Exercise brief:
Transcribe each record exactly. Omit the pictures.

Record extracts:
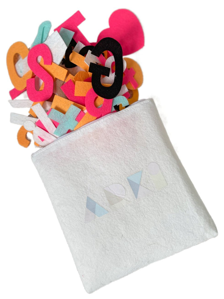 Pack includes 92 letters (upper and lower case), numbers and symbols and arrives in a felt zip bag.
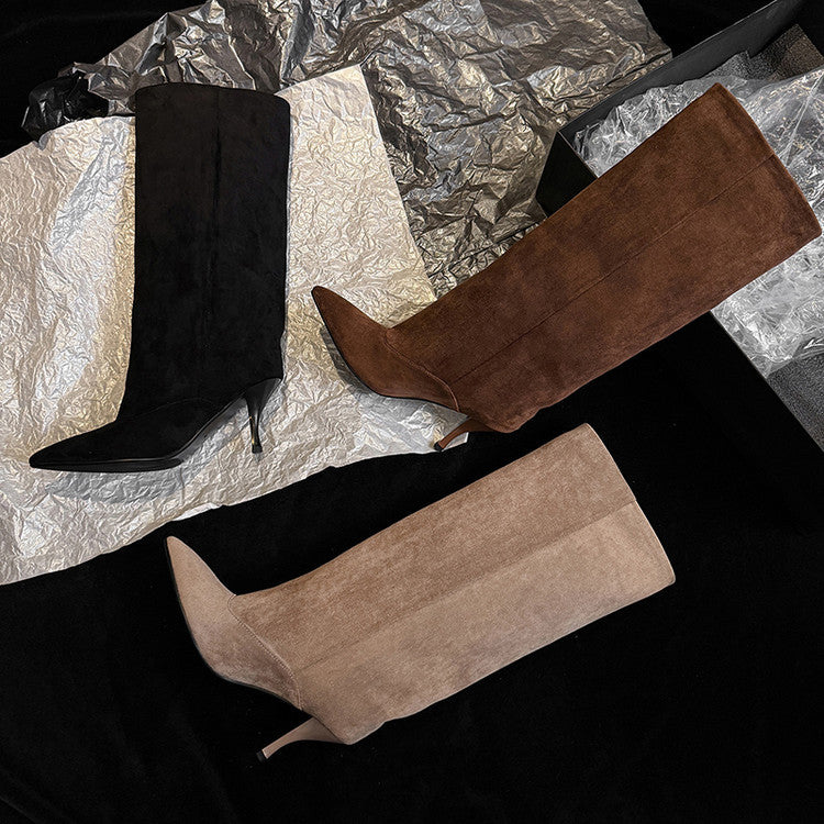 2025 autumn and winter new Spice Girl pointed high-heeled temperament boots women's European and American fashion sleeve sexy stiletto fashion boots
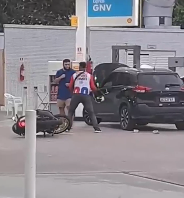 Segundo relatos que acompanham as imagens, o desentendimento teria começado na própria avenida, quando o condutor de um carro preto supostamente fechou a passagem do motociclista. A discussão verbal entre os dois continuou até que ambos pararam no posto de combustíveis.
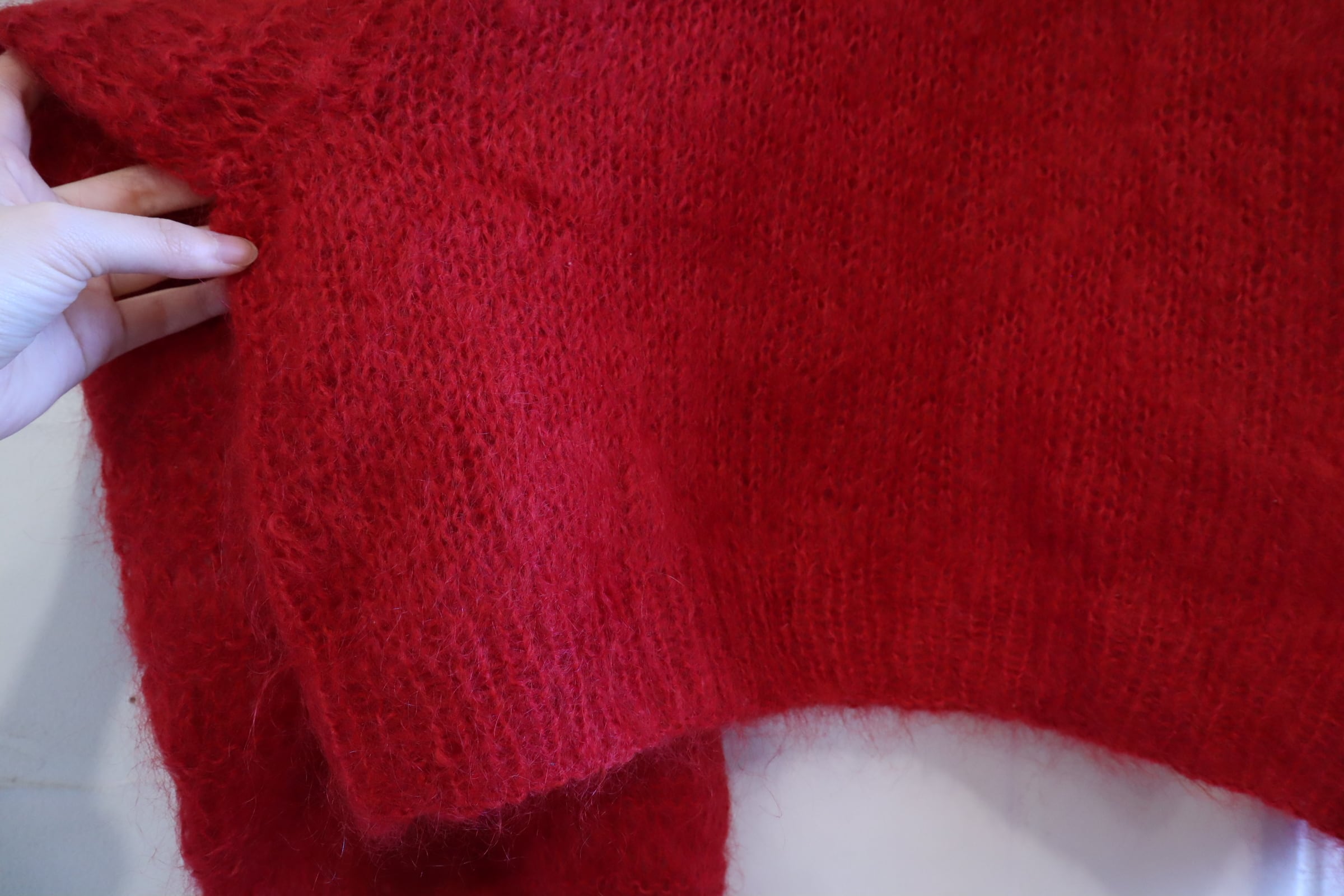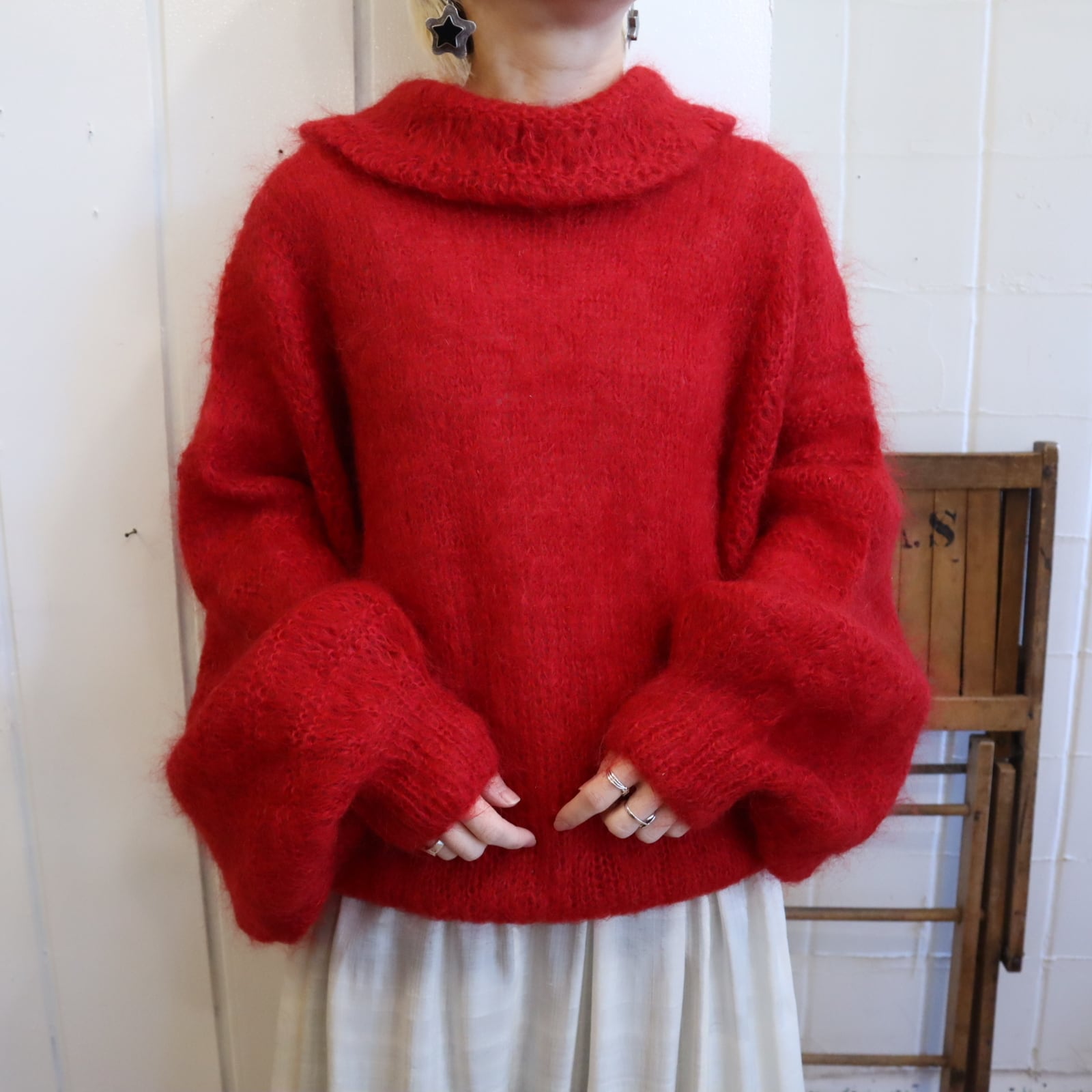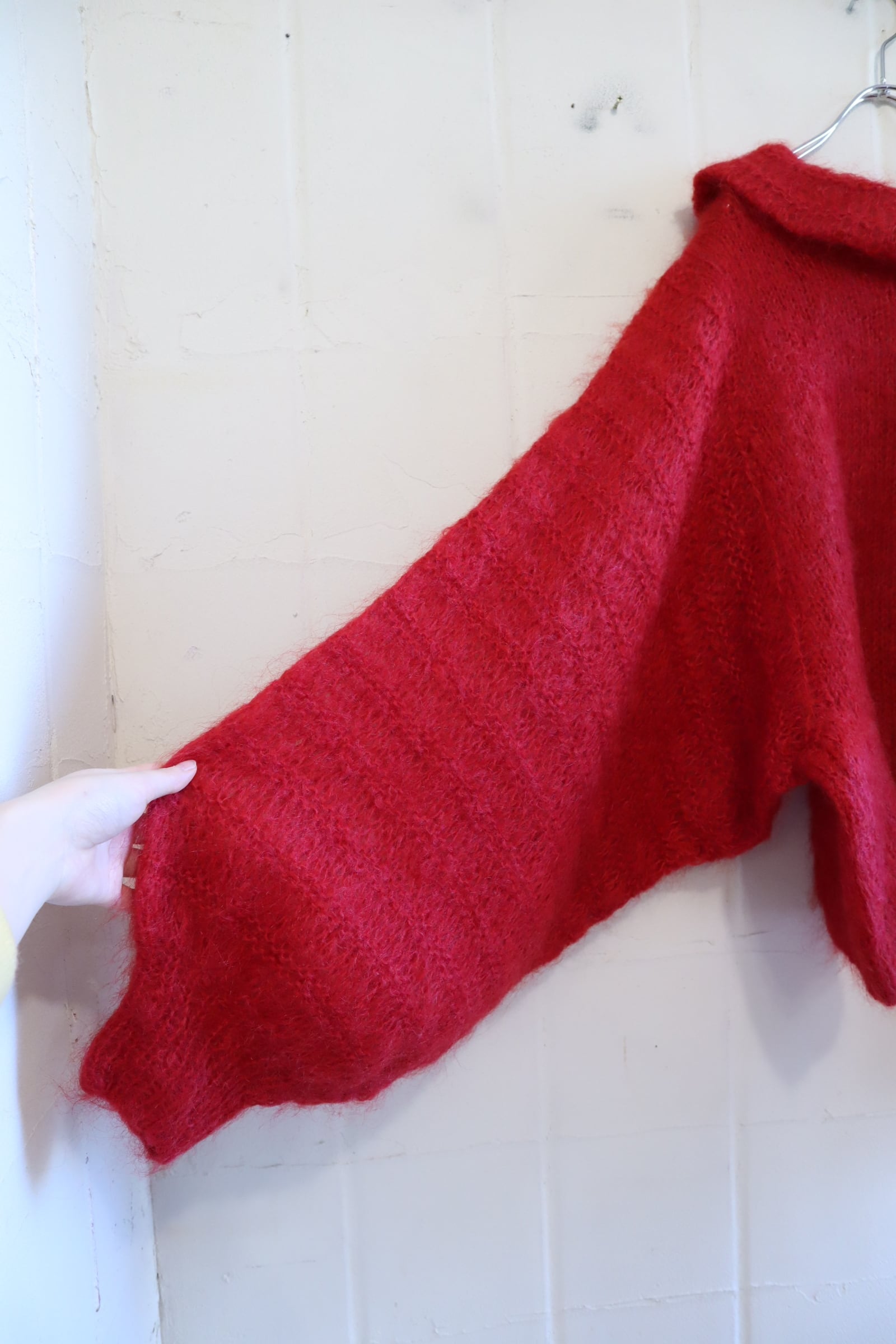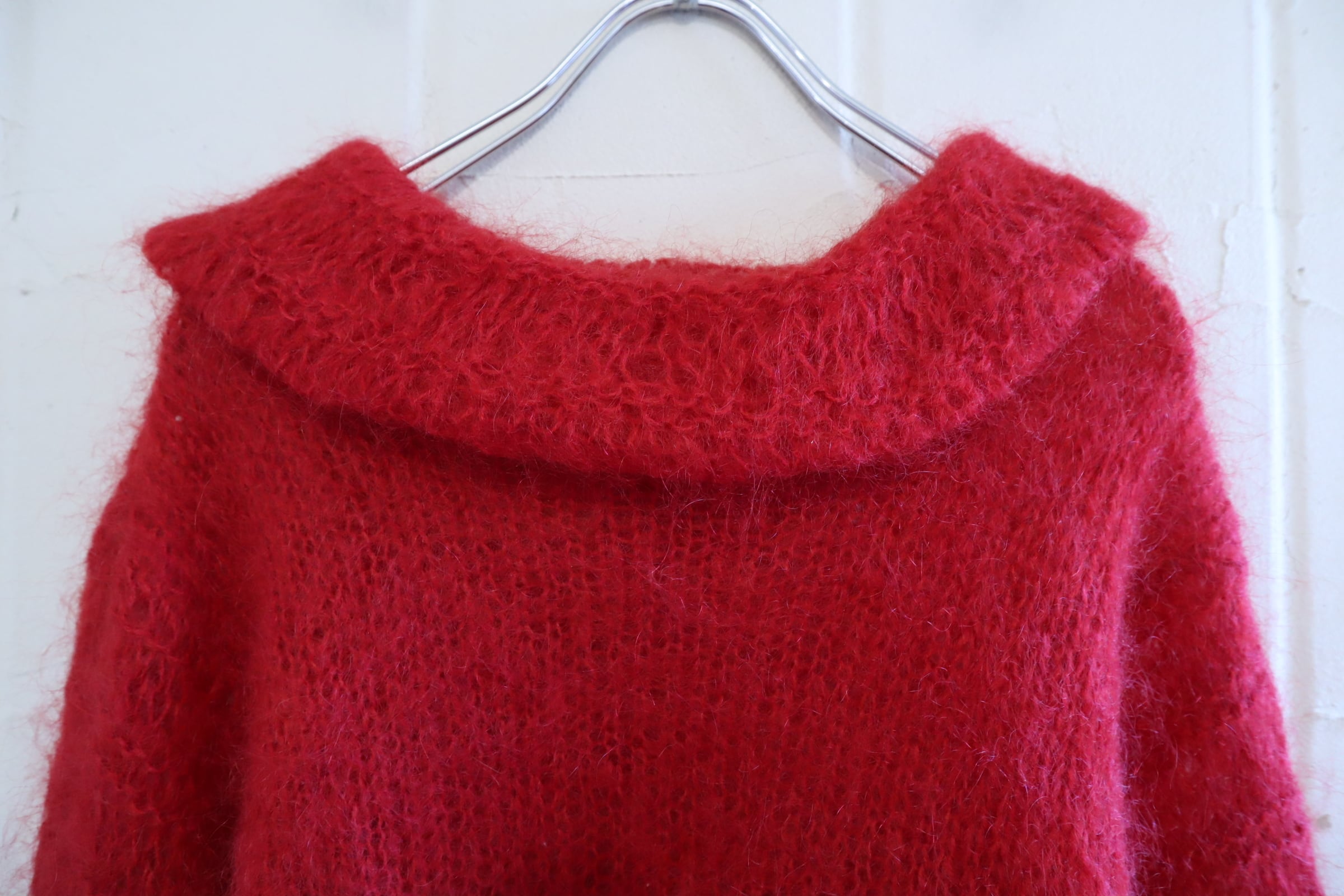 red balloon sleeve mohair knit pullover [l-4909]
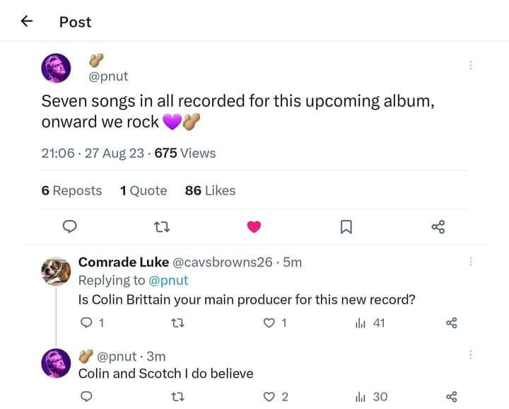 P-Nut dropped additional news on the progress of the new record on Twitter (X) with staus of songs and naming producers!
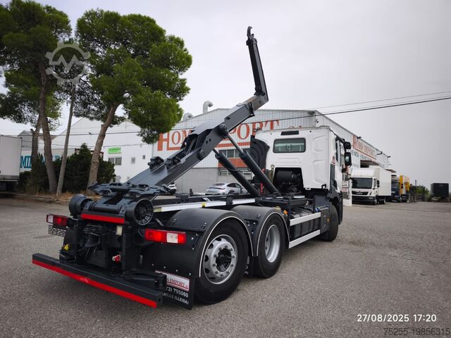 Extras: Air conditioning, automatic transmission, Optibrake retarder, liftable and steerable third axle, rear air suspension, cruise control, CD radio, onboard computer, electric windows, hill-start assist, central locking, trailer coupling, etc.
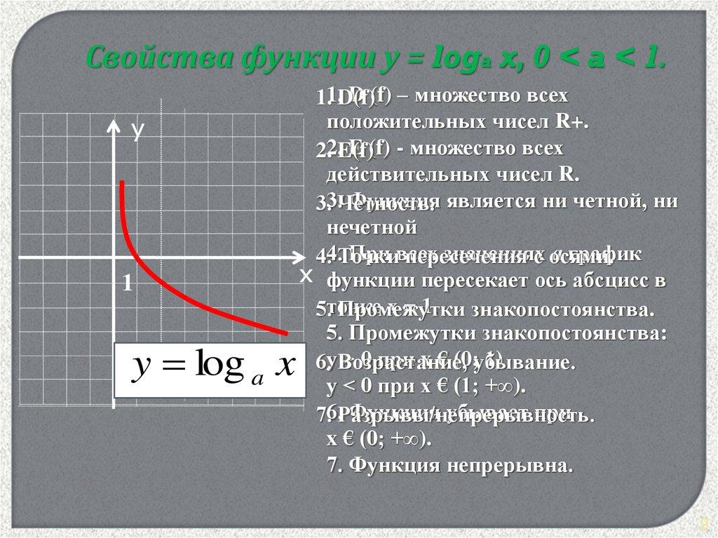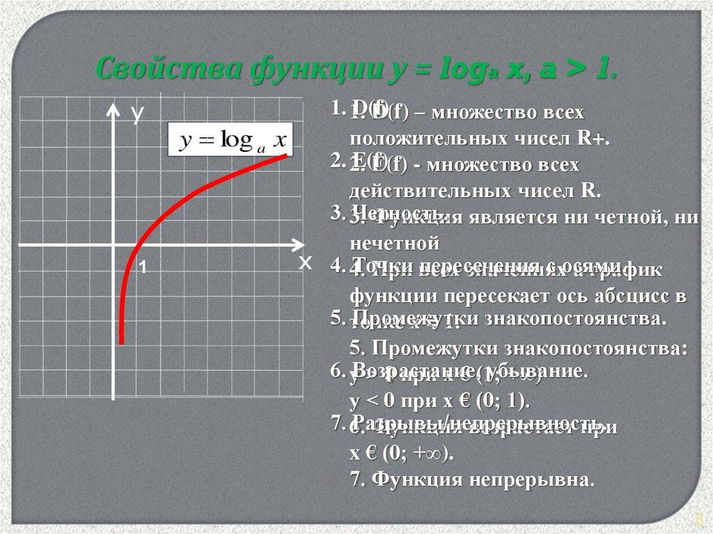 7. Логарифмическая функция непрерывна.

Exercise result:
 Pack includes 92 letters (upper and lower case), numbers and symbols and arrives in a felt zip bag.
 2025 autumn and winter new Spice Girl pointed high-heeled temperament boots women's European and American fashion sleeve sexy stiletto fashion boots
 Segundo relatos que acompanham as imagens, o desentendimento teria começado na própria avenida, quando o condutor de um carro preto supostamente fechou a passagem do motociclista. A discussão verbal entre os dois continuou até que ambos pararam no posto de combustíveis.
 red balloon sleeve mohair knit pullover [l-4909]
 P-Nut dropped additional news on the progress of the new record on Twitter (X) with staus of songs and naming producers!
 Extras: Air conditioning, automatic transmission, Optibrake retarder, liftable and steerable third axle, rear air suspension, cruise control, CD radio, onboard computer, electric windows, hill-start assist, central locking, trailer coupling, etc.
 7. Логарифмическая функция непрерывна.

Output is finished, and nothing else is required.